Aim of the exercise -
Only the lines below from the one containing "Convite de festa de 50 anos dourados para" to the one containing "- Bleidorn, C.;" should be repeated, both included and unchanged.

Provided material -

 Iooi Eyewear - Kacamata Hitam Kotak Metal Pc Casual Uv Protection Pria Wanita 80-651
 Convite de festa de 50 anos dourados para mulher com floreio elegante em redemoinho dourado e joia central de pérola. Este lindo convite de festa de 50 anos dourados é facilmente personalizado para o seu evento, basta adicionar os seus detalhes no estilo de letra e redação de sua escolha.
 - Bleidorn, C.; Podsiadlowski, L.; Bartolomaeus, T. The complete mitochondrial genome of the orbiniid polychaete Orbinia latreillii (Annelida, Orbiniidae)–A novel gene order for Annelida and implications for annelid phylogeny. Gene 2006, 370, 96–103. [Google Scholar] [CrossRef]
* * *
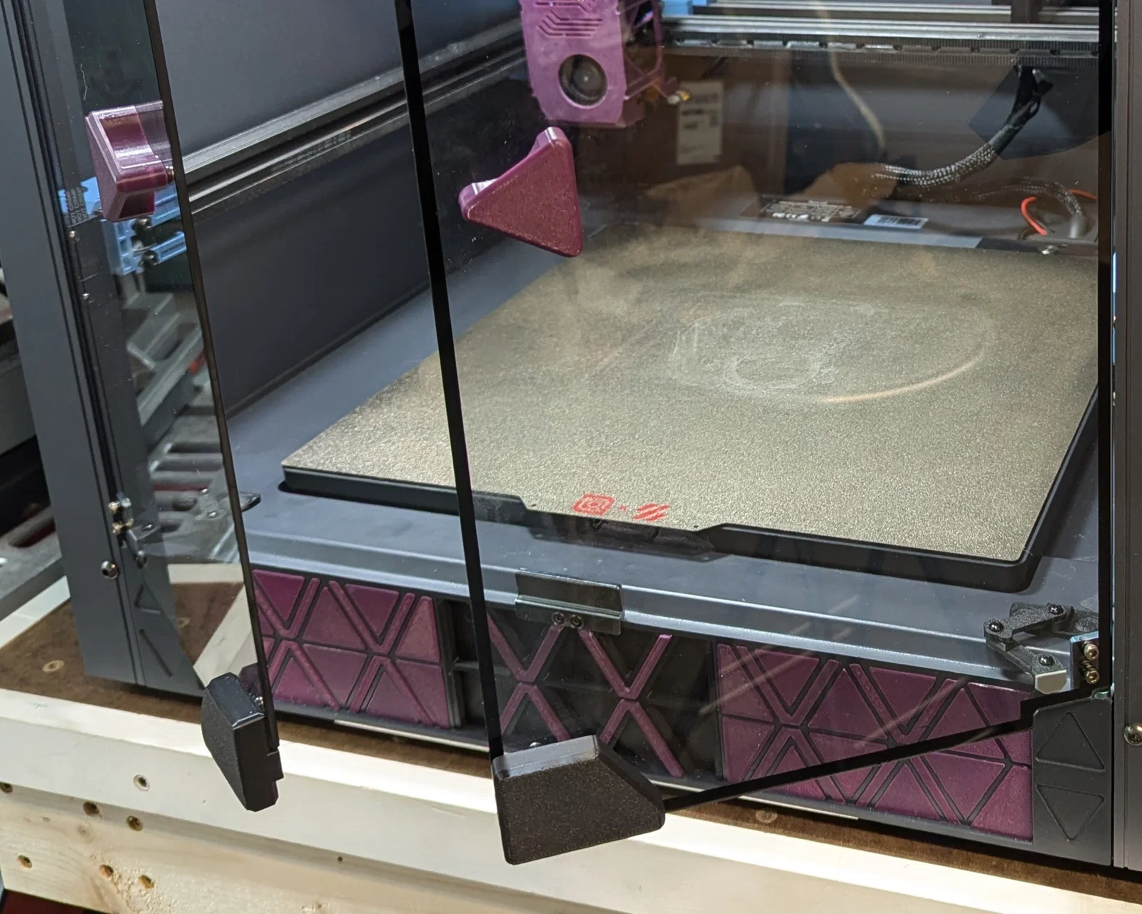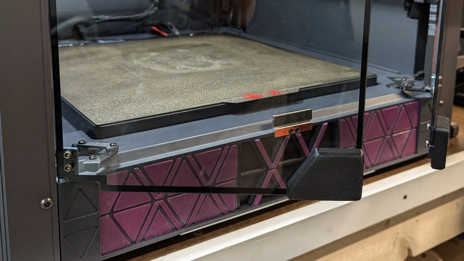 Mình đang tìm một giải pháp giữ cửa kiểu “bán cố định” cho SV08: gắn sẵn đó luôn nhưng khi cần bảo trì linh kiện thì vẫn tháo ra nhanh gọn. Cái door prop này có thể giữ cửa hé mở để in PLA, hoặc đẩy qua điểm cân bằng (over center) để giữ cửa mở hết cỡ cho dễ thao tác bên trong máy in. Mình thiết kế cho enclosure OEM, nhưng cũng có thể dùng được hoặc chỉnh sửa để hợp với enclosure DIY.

Finished task -
 Convite de festa de 50 anos dourados para mulher com floreio elegante em redemoinho dourado e joia central de pérola. Este lindo convite de festa de 50 anos dourados é facilmente personalizado para o seu evento, basta adicionar os seus detalhes no estilo de letra e redação de sua escolha.
 - Bleidorn, C.; Podsiadlowski, L.; Bartolomaeus, T. The complete mitochondrial genome of the orbiniid polychaete Orbinia latreillii (Annelida, Orbiniidae)–A novel gene order for Annelida and implications for annelid phylogeny. Gene 2006, 370, 96–103. [Google Scholar] [CrossRef]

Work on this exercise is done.